Re: JavaMemoryModel: My final summary of strong vs. weak volatile semantics

From: Victor Luchangco (Victor.Luchangco@Sun.COM)
Date: Wed Mar 24 2004 - 16:45:17 EST


Hi folks,

One point that Sarita didn't mention in support of the
weaker synchronization semantics is that it is the more
conservative choice. That is, if we choose the weaker
semantics and later discover that it's trivial to give
the stronger semantics, and that there is sufficient
use of the stronger semantics to justify the change,
it isn't so hard to change: only the JVMs have to be
modified, and anyway, we've determined it isn't so hard
to deliver the extra guarantees.
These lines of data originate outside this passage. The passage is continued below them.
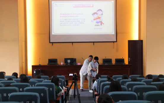 陈老师演示了利用海姆立克急救法救自己和救他人。利用海姆立克急救法,根据年龄的大小,选择不同的方法,掌握了海姆立克急救法,不管是对自己还是对别人都是有益的。陈老师真诚的交流、深入浅出的演示让我们学会了简单的急救知识,也让我校师生真切感受到了急救知识普及的必要性。讲座常常被阵阵的掌声包围,现场气氛十分热烈。此次活动以同学们热情的提问和陈杨老师耐心的回答结束了讲座,热烈的掌声也代表了此次活动的圆满结束。
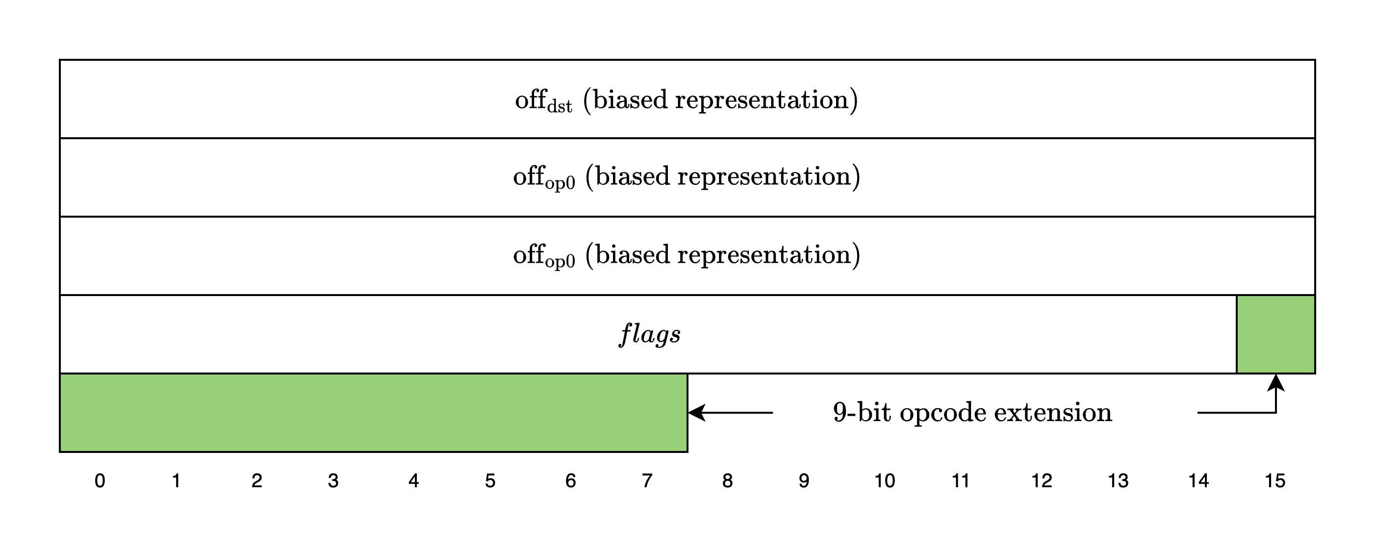 Since the 64-bit instruction structure is not flexible enough to support this extended set of opcodes, Cairo extends the instruction size to 72 bits and uses the last 9 bits as the opcode extension value.
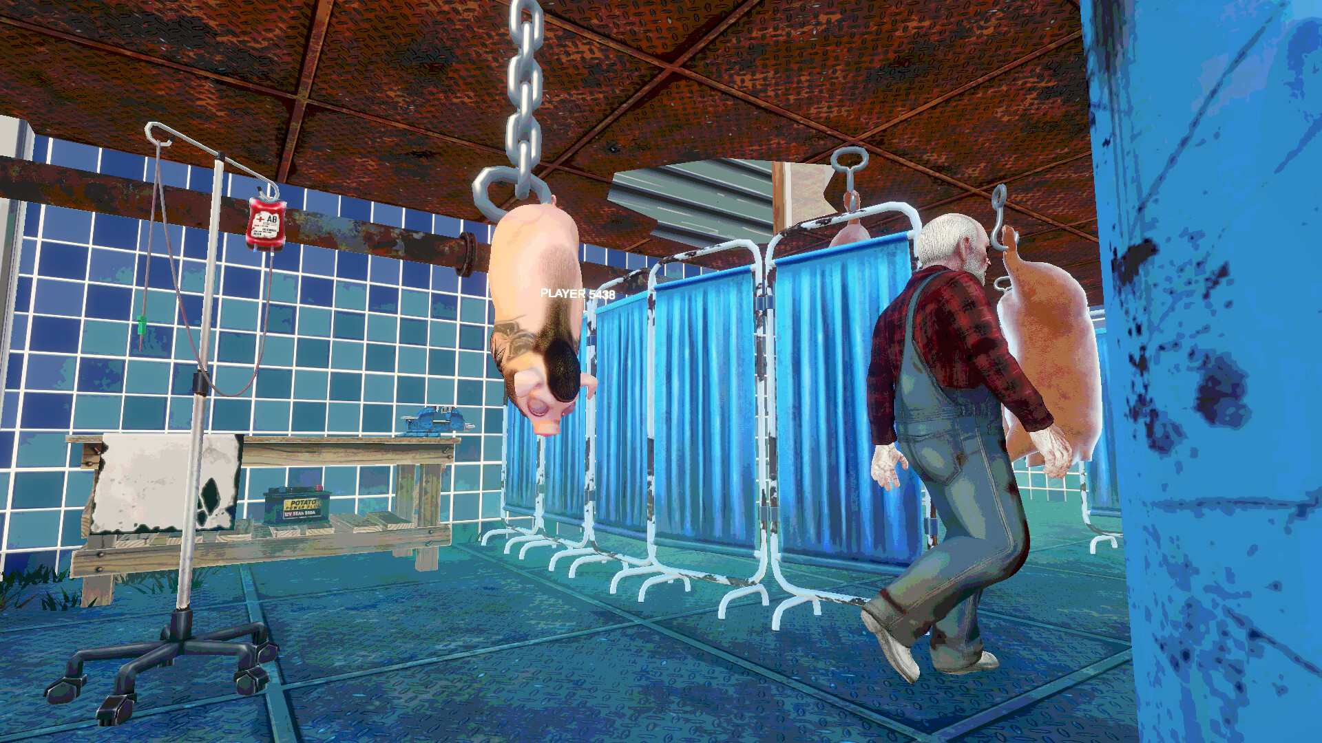 If the hunter does catch up to you, the game isn't over. The farmer grabs the poor soul by the legs and carries them to one of the prep stations: a BBQ spit, a circular saw, or a meat hook in the freezer. Your teammates have exactly 20 seconds to come to the rescue and save you. Didn't make it? Your buddy turns into a pack of sausages forever!
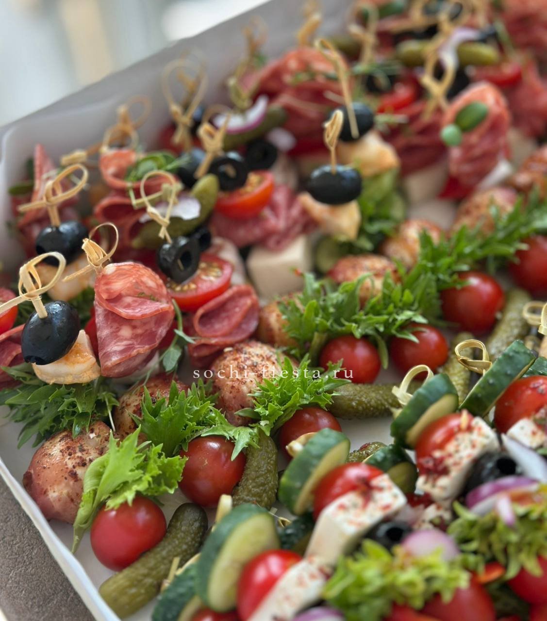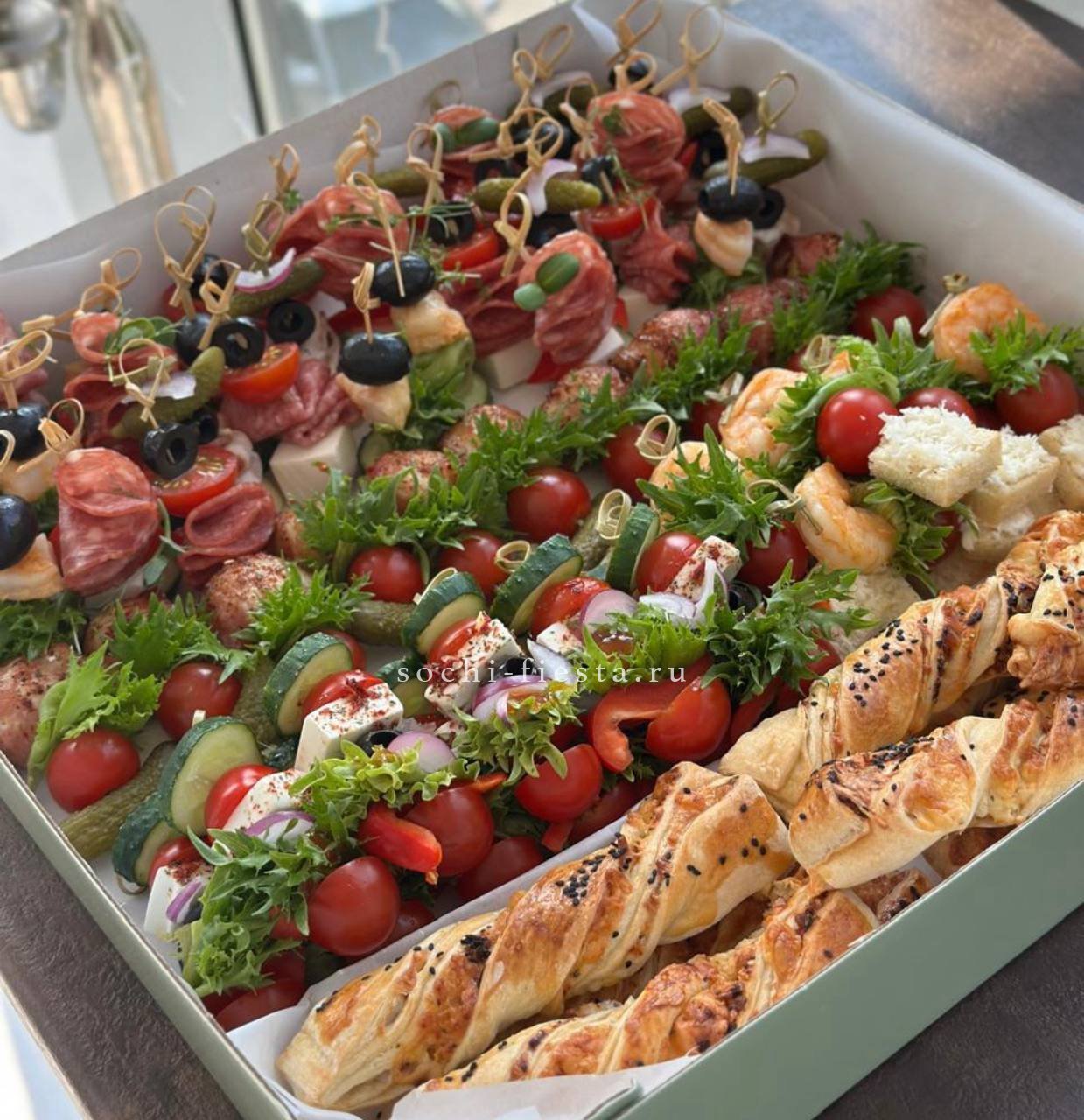 мит боллы- 12 шт. Сырные вафли- 6 шт. Овощная и фруктовая корзинки. Сосиски в тесте- 6 шт. Мини-оладушки- 80 шт. Улитки с ветчиной и сыром- 6 шт.
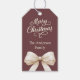 Un arrière - plan brun café muet, texte crème et arc. Joyeux Noël est écrit avec un élégant script de style manuscrit. Personnalisez et ajoutez votre nom de famille.
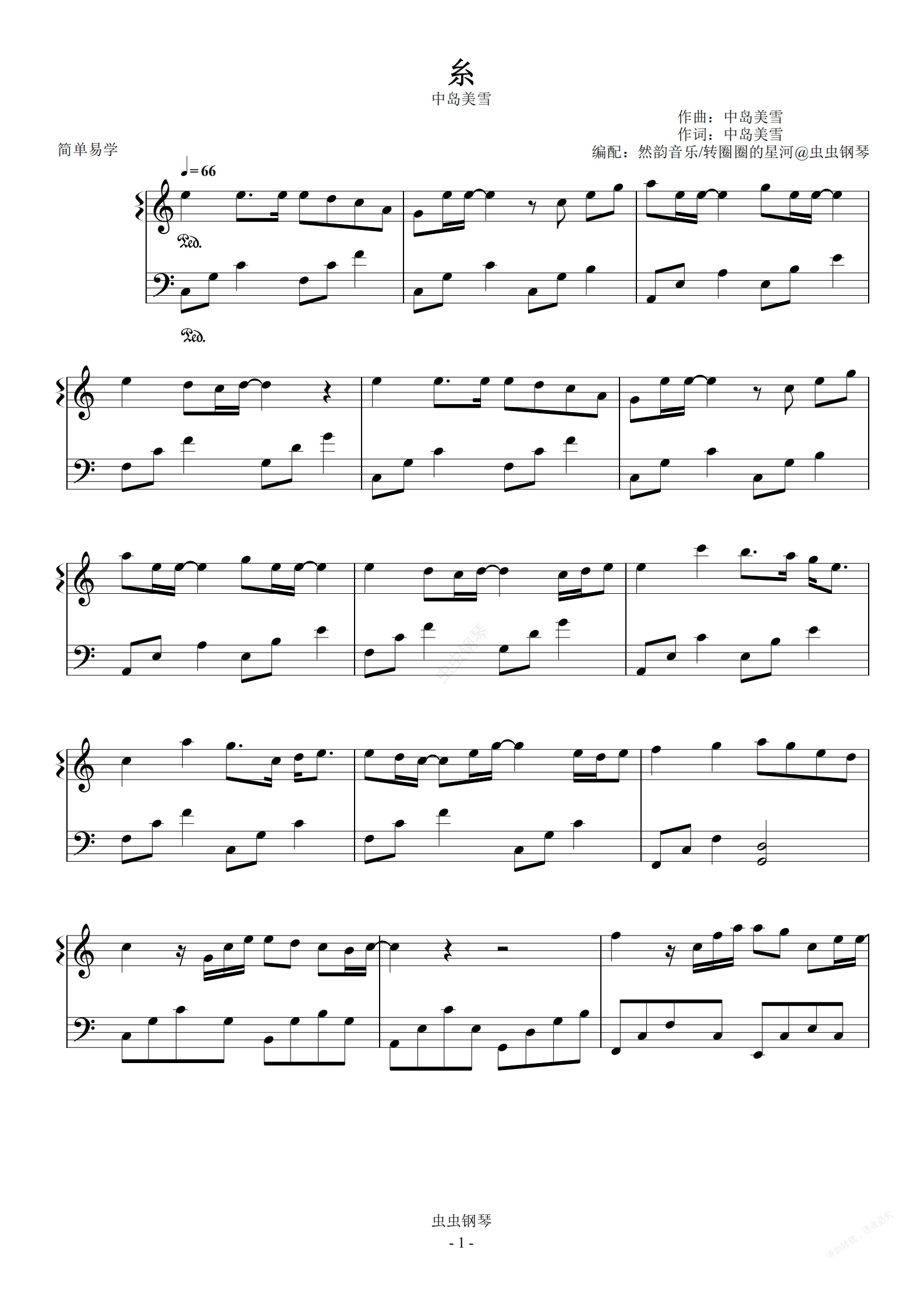 钢琴谱:【C调】糸(线)-中岛美雪 简单易学 菅田将晖

If, on the other hand,
we choose the stronger semantics, and it turns out that
it is very expensive to implement in some systems (such
as software DSM, for example), so that we want to scale
back to the weaker semantics, that change may break a
lot of user code--the programmers may not even realize
that they were depending on the stronger semantics--they
may just have been using the faulty "memory barrier"
kind of reasoning Sarita mentioned, and it turned out
to be okay, at least for the cases they tested.

Of course, we should pick whichever one we think is better,
but in the absence of clear evidence one way or the other,
I believe we should go with the weaker semantics.